Problem to work on.
Once the records below have been read, copy them all out exactly.

Records supplied.
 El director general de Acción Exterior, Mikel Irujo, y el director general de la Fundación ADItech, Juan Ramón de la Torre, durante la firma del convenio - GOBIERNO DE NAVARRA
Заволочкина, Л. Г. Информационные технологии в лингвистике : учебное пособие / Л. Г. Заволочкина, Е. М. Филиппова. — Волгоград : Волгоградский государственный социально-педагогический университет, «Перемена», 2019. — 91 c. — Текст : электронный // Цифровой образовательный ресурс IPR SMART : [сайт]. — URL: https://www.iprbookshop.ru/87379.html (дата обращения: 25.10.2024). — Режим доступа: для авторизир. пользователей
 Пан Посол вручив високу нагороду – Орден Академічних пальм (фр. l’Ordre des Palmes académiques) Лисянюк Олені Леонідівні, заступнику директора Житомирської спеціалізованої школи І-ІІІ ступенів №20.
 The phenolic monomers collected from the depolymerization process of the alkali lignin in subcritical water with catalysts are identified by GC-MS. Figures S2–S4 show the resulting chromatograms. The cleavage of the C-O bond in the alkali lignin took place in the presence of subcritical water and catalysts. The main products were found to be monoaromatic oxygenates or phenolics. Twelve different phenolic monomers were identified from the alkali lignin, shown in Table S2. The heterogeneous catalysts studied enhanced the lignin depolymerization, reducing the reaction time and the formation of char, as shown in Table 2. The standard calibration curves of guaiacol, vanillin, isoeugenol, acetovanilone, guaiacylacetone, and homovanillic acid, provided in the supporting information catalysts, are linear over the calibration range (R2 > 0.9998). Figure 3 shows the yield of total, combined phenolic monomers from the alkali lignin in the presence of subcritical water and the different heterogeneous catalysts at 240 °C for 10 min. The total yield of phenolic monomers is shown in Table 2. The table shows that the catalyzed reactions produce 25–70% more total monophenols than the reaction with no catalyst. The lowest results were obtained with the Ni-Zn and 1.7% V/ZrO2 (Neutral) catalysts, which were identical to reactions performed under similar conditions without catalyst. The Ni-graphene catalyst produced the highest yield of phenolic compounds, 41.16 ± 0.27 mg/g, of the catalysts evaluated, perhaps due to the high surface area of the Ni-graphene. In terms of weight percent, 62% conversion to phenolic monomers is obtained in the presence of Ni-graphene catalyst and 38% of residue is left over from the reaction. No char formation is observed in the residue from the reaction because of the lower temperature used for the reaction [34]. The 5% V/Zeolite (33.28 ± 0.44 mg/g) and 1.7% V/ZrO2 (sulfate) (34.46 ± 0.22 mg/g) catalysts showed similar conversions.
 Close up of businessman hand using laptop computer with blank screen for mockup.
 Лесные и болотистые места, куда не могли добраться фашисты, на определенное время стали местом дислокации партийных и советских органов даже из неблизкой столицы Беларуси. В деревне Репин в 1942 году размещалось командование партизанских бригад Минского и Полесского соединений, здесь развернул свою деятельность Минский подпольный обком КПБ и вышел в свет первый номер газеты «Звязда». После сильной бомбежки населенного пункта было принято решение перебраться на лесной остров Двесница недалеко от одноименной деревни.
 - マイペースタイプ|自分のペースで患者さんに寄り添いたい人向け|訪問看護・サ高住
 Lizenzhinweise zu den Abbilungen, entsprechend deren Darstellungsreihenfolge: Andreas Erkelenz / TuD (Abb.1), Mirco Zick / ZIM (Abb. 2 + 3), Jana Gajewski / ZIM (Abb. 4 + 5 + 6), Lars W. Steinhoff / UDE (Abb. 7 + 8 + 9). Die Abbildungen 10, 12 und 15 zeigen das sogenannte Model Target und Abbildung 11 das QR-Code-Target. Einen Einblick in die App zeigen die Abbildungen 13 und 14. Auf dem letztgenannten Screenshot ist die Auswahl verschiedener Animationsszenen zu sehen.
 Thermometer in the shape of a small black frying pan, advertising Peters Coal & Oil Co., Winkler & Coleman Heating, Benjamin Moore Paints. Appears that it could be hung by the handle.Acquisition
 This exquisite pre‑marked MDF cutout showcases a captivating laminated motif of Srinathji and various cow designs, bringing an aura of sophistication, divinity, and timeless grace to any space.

Response to the exercise.
 El director general de Acción Exterior, Mikel Irujo, y el director general de la Fundación ADItech, Juan Ramón de la Torre, durante la firma del convenio - GOBIERNO DE NAVARRA
Заволочкина, Л. Г. Информационные технологии в лингвистике : учебное пособие / Л. Г. Заволочкина, Е. М. Филиппова. — Волгоград : Волгоградский государственный социально-педагогический университет, «Перемена», 2019. — 91 c. — Текст : электронный // Цифровой образовательный ресурс IPR SMART : [сайт]. — URL: https://www.iprbookshop.ru/87379.html (дата обращения: 25.10.2024). — Режим доступа: для авторизир. пользователей
 Пан Посол вручив високу нагороду – Орден Академічних пальм (фр. l’Ordre des Palmes académiques) Лисянюк Олені Леонідівні, заступнику директора Житомирської спеціалізованої школи І-ІІІ ступенів №20.
 The phenolic monomers collected from the depolymerization process of the alkali lignin in subcritical water with catalysts are identified by GC-MS. Figures S2–S4 show the resulting chromatograms. The cleavage of the C-O bond in the alkali lignin took place in the presence of subcritical water and catalysts. The main products were found to be monoaromatic oxygenates or phenolics. Twelve different phenolic monomers were identified from the alkali lignin, shown in Table S2. The heterogeneous catalysts studied enhanced the lignin depolymerization, reducing the reaction time and the formation of char, as shown in Table 2. The standard calibration curves of guaiacol, vanillin, isoeugenol, acetovanilone, guaiacylacetone, and homovanillic acid, provided in the supporting information catalysts, are linear over the calibration range (R2 > 0.9998). Figure 3 shows the yield of total, combined phenolic monomers from the alkali lignin in the presence of subcritical water and the different heterogeneous catalysts at 240 °C for 10 min. The total yield of phenolic monomers is shown in Table 2. The table shows that the catalyzed reactions produce 25–70% more total monophenols than the reaction with no catalyst. The lowest results were obtained with the Ni-Zn and 1.7% V/ZrO2 (Neutral) catalysts, which were identical to reactions performed under similar conditions without catalyst. The Ni-graphene catalyst produced the highest yield of phenolic compounds, 41.16 ± 0.27 mg/g, of the catalysts evaluated, perhaps due to the high surface area of the Ni-graphene. In terms of weight percent, 62% conversion to phenolic monomers is obtained in the presence of Ni-graphene catalyst and 38% of residue is left over from the reaction. No char formation is observed in the residue from the reaction because of the lower temperature used for the reaction [34]. The 5% V/Zeolite (33.28 ± 0.44 mg/g) and 1.7% V/ZrO2 (sulfate) (34.46 ± 0.22 mg/g) catalysts showed similar conversions.
 Close up of businessman hand using laptop computer with blank screen for mockup.
 Лесные и болотистые места, куда не могли добраться фашисты, на определенное время стали местом дислокации партийных и советских органов даже из неблизкой столицы Беларуси. В деревне Репин в 1942 году размещалось командование партизанских бригад Минского и Полесского соединений, здесь развернул свою деятельность Минский подпольный обком КПБ и вышел в свет первый номер газеты «Звязда». После сильной бомбежки населенного пункта было принято решение перебраться на лесной остров Двесница недалеко от одноименной деревни.
 - マイペースタイプ|自分のペースで患者さんに寄り添いたい人向け|訪問看護・サ高住
 Lizenzhinweise zu den Abbilungen, entsprechend deren Darstellungsreihenfolge: Andreas Erkelenz / TuD (Abb.1), Mirco Zick / ZIM (Abb. 2 + 3), Jana Gajewski / ZIM (Abb. 4 + 5 + 6), Lars W. Steinhoff / UDE (Abb. 7 + 8 + 9). Die Abbildungen 10, 12 und 15 zeigen das sogenannte Model Target und Abbildung 11 das QR-Code-Target. Einen Einblick in die App zeigen die Abbildungen 13 und 14. Auf dem letztgenannten Screenshot ist die Auswahl verschiedener Animationsszenen zu sehen.
 Thermometer in the shape of a small black frying pan, advertising Peters Coal & Oil Co., Winkler & Coleman Heating, Benjamin Moore Paints. Appears that it could be hung by the handle.Acquisition
 This exquisite pre‑marked MDF cutout showcases a captivating laminated motif of Srinathji and various cow designs, bringing an aura of sophistication, divinity, and timeless grace to any space.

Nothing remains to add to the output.